Something about the way he asked her . . . she didn’t want to say. “It’s a dream. You should know.”
“You are the annaginuk in waiting, the enalanok, the emes esutol. But you are not an Elenil.” His eyes focused on her face. “You are not an Elenil, are you? What does this portend? Surely they would not turn to the humans again, not a second time. What strang
e times I have lived to see.” He dropped his head. “These are times of great sorrow. Oh, annaginuk who is to come, what betrayal has brought you to this path? Or what noble intent of your own heart?

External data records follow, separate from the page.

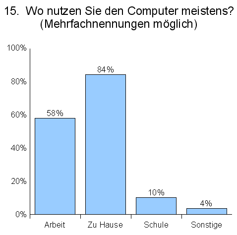 Der typische OpenOffice.org Anwender benutzt seinen Computer zu Hause oder am Arbeitsplatz. Relativ gering ist der Anteil der schulischen Nutzung. In der internationalen Umfrage ist die Nutzung am Arbeitsplatz um ca. 10% geringer. Das zeigt, dass neue Anwender eher im Heimbereich gewonnen wurden.
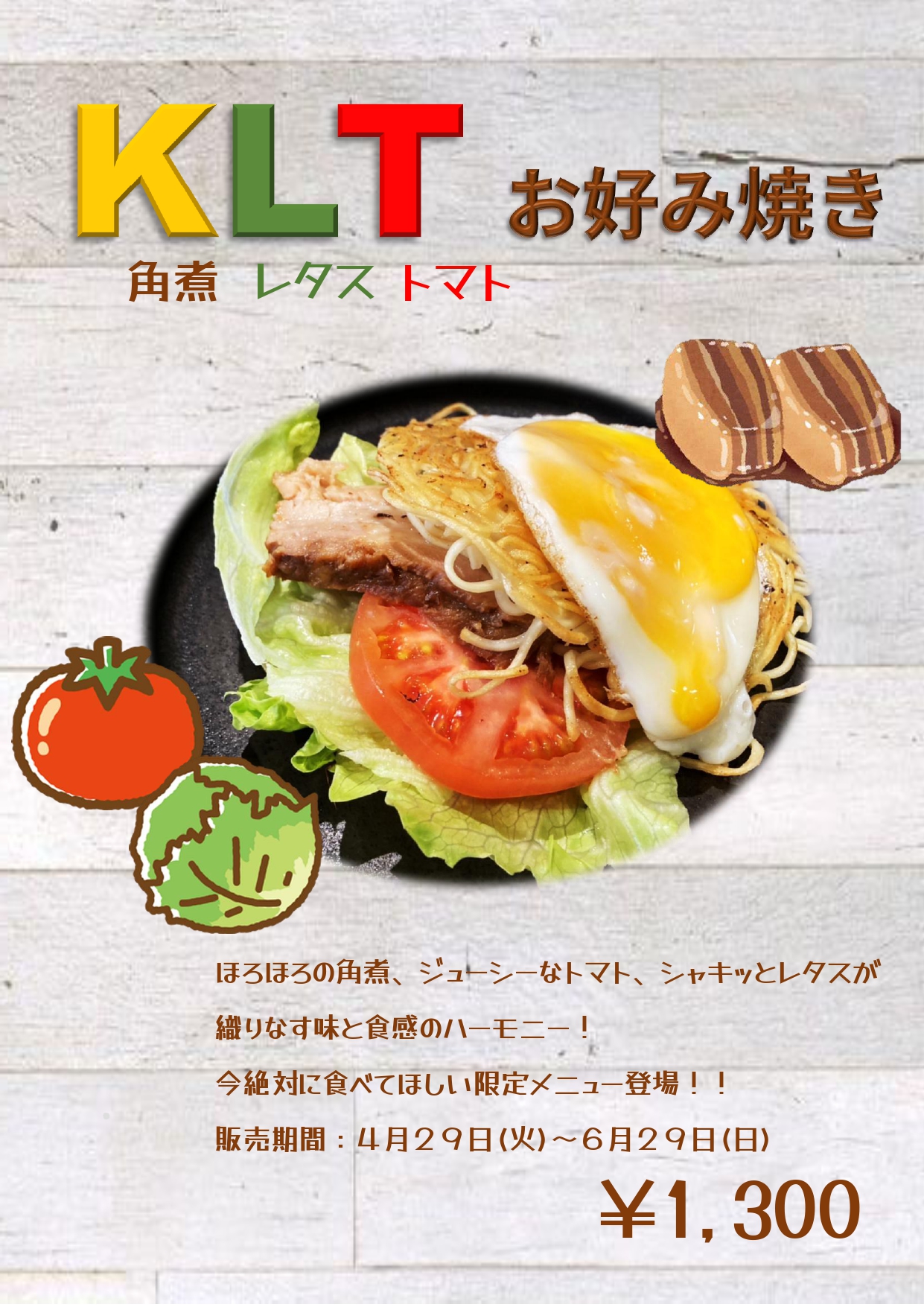 まろ吉から久しぶりの新作です! KLT(角煮レタストマト)お好み焼き新登場!
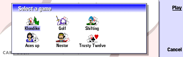 | Card Deck | A game that contains six different card games: Klondike, Golf, Shifting, Aces Up, Nestor and Trusty Twelve. |

You have agreed to help them, but have they warned you of the price?” He looked up, gazing at something over Madeline’s head.
Madeline turned. A wooden crown floated in the water above them. It was intricately carved and carefully polished around the base . . . as if it were braided branches. But then, up from the base a series of living branches grew. Some of them stretched out, wild, while others massed together to hold what looked like shining jewels. It floated toward her, and there was a feeling of great power in it, but also heartbreaking loneliness and loss. Madeline instinctually swam backward, and into the wide chest of the antlered man.
“It is the Heartwood Crown,” he whispered.
She screamed and sat up in her bed, gasping for air. Like always, gasping for air. Her chest ached, and she saw a glow coming from the seed in her arm, a light that lessened and then went away even as she noticed it. Tears streamed down her face.
It was then that she realized it had not been an ocean she had been in. It had not been the briny water of the sea. It had been a lake of tears . . . whether her own or Patra Koja’s or someone else’s, she did not know.
11
OLD FRIENDS
In those days the whole of the Sunlit Lands was covered in forest, and magic was everywhere.
FROM “THE PLANTING OF ALUVOREA,” AN ALUVOREAN CREATION TALE
They came to the edge of Aluvorea on the second night. Baileya kept them at a fast pace. Break Bones had found them, and Darius eventually caught up too, holding Delightful Glitter Lady in the crook of his arm. He had found her while looking for Jason. The terrible Zhanin warriors in their strange seaweed leather had harried the Elenil, chasing them toward Far Seeing. The arrival of the Scim had caused enough distraction for the Elenil to slip away, and the Zhanin had set out after them. It appeared the seafaring warriors thought Jason was still with the Elenil. Baileya had been cheered by the news, but she immediately demanded that they choose a destination and “make haste.”